#### WORK TO COMPLETE:
For the data below, transcribe the part that opens with the line containing "Øreringene er udført" and closes with the line containing "Sparkling transparent drinking", exactly and with no pictures.

#### RECORDS FOR THIS EXERCISE:
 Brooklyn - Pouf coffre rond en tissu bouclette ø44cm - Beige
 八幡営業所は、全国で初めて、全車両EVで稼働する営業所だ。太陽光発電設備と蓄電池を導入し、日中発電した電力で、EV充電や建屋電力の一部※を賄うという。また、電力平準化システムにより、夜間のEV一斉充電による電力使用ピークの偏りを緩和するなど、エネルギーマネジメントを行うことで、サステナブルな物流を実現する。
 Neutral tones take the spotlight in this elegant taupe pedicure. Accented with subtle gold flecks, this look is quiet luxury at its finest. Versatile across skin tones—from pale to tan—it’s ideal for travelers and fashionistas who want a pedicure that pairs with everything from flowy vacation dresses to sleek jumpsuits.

...

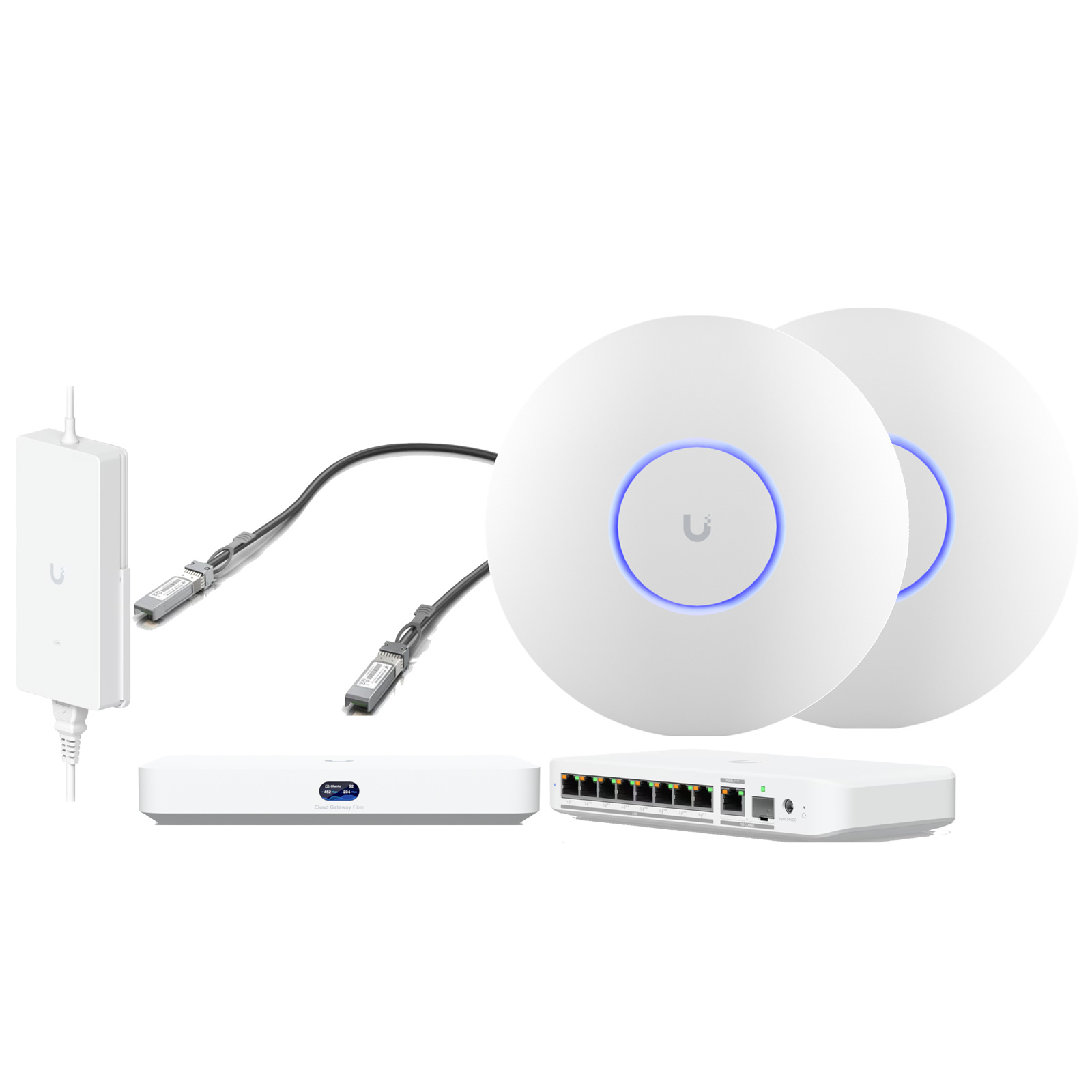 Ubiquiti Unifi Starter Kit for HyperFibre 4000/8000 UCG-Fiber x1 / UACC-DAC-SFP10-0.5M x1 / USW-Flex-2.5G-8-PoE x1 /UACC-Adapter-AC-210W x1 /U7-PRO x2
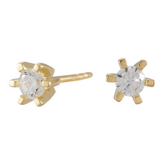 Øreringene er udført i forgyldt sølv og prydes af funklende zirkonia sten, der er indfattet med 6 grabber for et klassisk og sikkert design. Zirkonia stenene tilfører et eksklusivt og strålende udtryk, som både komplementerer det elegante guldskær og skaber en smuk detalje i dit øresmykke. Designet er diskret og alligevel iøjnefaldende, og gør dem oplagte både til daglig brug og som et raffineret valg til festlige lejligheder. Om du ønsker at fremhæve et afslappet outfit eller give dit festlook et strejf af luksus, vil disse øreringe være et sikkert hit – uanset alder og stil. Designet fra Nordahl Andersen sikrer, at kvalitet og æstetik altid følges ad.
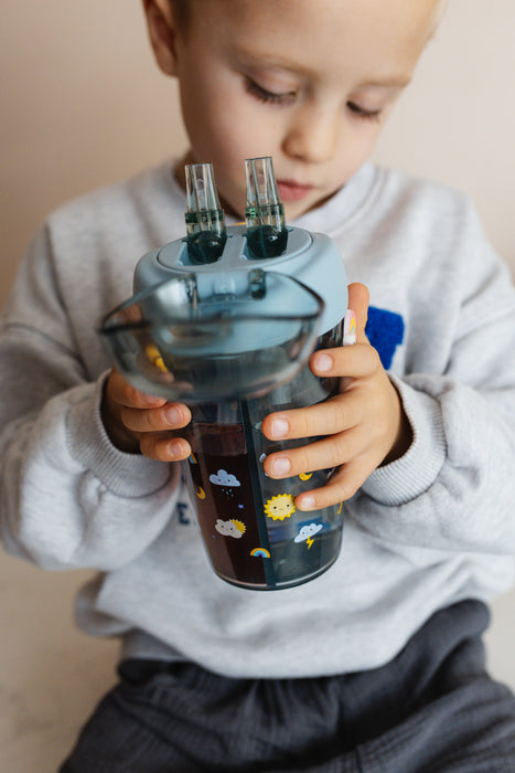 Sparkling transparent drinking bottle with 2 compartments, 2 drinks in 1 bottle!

#### TASK OUTPUT:
 Øreringene er udført i forgyldt sølv og prydes af funklende zirkonia sten, der er indfattet med 6 grabber for et klassisk og sikkert design. Zirkonia stenene tilfører et eksklusivt og strålende udtryk, som både komplementerer det elegante guldskær og skaber en smuk detalje i dit øresmykke. Designet er diskret og alligevel iøjnefaldende, og gør dem oplagte både til daglig brug og som et raffineret valg til festlige lejligheder. Om du ønsker at fremhæve et afslappet outfit eller give dit festlook et strejf af luksus, vil disse øreringe være et sikkert hit – uanset alder og stil. Designet fra Nordahl Andersen sikrer, at kvalitet og æstetik altid følges ad.
 Sparkling transparent drinking bottle with 2 compartments, 2 drinks in 1 bottle!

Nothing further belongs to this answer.